EXERCISE REQUIREMENTS
The reply is to contain the full listing, repeated exactly, with pictures left out.
======== DATA SECTION
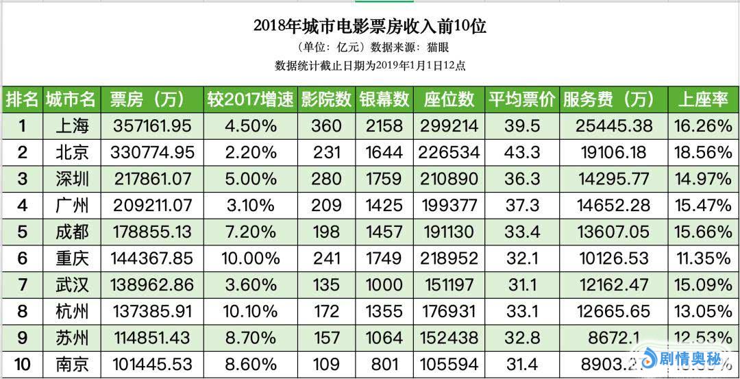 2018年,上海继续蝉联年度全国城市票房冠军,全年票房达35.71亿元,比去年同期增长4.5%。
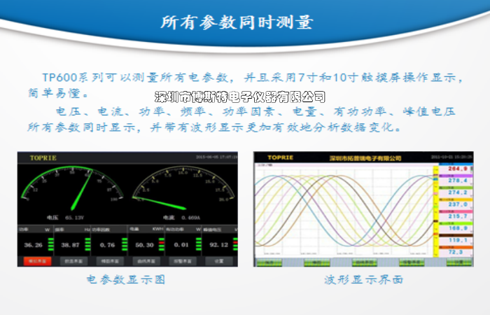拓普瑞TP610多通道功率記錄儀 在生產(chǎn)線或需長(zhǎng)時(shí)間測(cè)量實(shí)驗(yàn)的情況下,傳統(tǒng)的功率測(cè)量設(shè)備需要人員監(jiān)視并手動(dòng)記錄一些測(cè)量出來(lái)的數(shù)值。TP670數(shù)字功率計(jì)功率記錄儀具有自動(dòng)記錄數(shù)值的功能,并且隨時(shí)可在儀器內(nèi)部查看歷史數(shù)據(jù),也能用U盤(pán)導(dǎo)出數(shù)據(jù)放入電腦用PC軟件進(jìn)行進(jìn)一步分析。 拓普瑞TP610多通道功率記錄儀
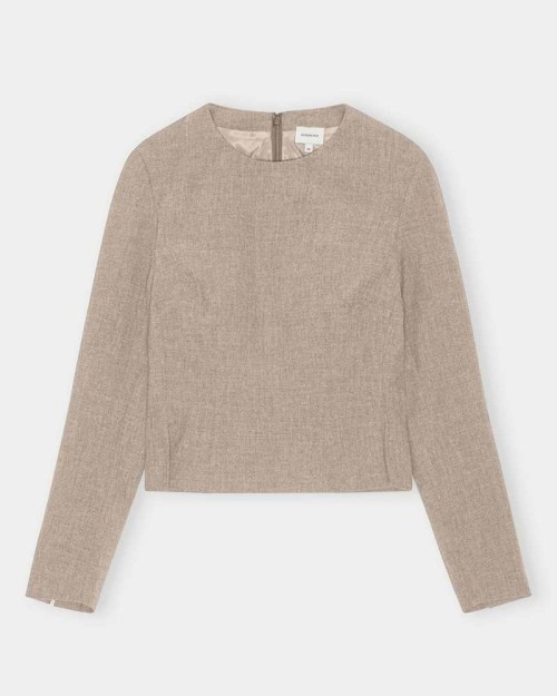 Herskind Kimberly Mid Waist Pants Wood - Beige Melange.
================
REPLY TO THE TASK
 2018年,上海继续蝉联年度全国城市票房冠军,全年票房达35.71亿元,比去年同期增长4.5%。
拓普瑞TP610多通道功率記錄儀 在生產(chǎn)線或需長(zhǎng)時(shí)間測(cè)量實(shí)驗(yàn)的情況下,傳統(tǒng)的功率測(cè)量設(shè)備需要人員監(jiān)視并手動(dòng)記錄一些測(cè)量出來(lái)的數(shù)值。TP670數(shù)字功率計(jì)功率記錄儀具有自動(dòng)記錄數(shù)值的功能,并且隨時(shí)可在儀器內(nèi)部查看歷史數(shù)據(jù),也能用U盤(pán)導(dǎo)出數(shù)據(jù)放入電腦用PC軟件進(jìn)行進(jìn)一步分析。 拓普瑞TP610多通道功率記錄儀
 Herskind Kimberly Mid Waist Pants Wood - Beige Melange.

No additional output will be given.